> Prompt
In the listing below, find the line with "- 현대로템 (194,000원" and copy every line from there up to and including the line with "式の右側にある「8」から、左", exactly and without pictures.

> Input for this task
Content starts
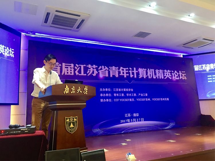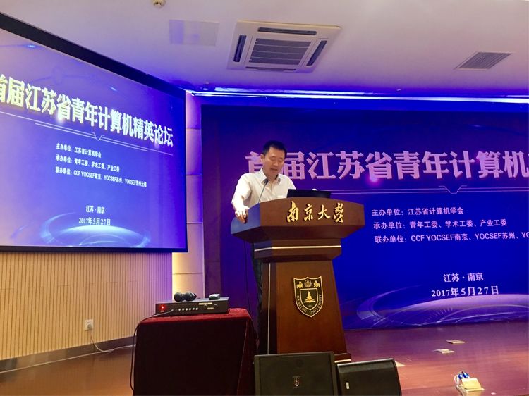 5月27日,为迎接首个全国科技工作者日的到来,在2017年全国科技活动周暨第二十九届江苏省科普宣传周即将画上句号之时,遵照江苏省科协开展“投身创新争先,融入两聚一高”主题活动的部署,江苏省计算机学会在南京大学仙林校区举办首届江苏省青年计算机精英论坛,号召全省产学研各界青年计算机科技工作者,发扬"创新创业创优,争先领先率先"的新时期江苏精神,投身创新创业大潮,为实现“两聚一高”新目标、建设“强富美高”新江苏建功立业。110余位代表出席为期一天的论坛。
Content ends
Content starts
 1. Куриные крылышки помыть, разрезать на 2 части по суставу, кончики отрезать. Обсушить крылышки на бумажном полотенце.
Content ends
Content starts
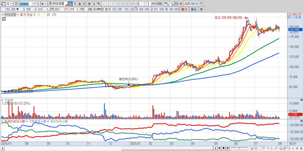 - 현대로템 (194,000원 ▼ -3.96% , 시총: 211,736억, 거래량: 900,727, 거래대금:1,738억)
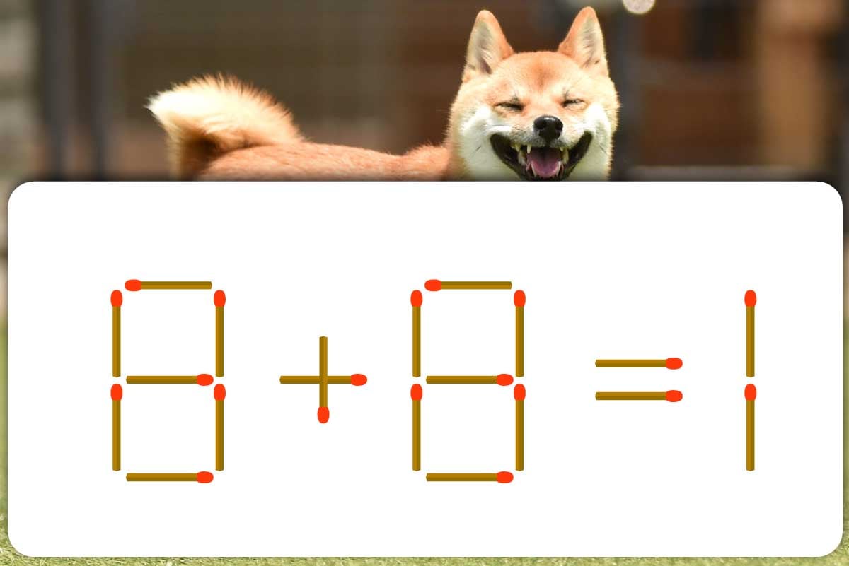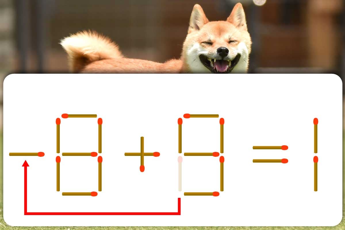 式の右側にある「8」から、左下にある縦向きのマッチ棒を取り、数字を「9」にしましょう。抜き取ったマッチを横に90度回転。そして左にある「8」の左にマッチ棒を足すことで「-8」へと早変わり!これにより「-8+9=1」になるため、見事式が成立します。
Content ends
> Task answer
 - 현대로템 (194,000원 ▼ -3.96% , 시총: 211,736억, 거래량: 900,727, 거래대금:1,738억)
 式の右側にある「8」から、左下にある縦向きのマッチ棒を取り、数字を「9」にしましょう。抜き取ったマッチを横に90度回転。そして左にある「8」の左にマッチ棒を足すことで「-8」へと早変わり!これにより「-8+9=1」になるため、見事式が成立します。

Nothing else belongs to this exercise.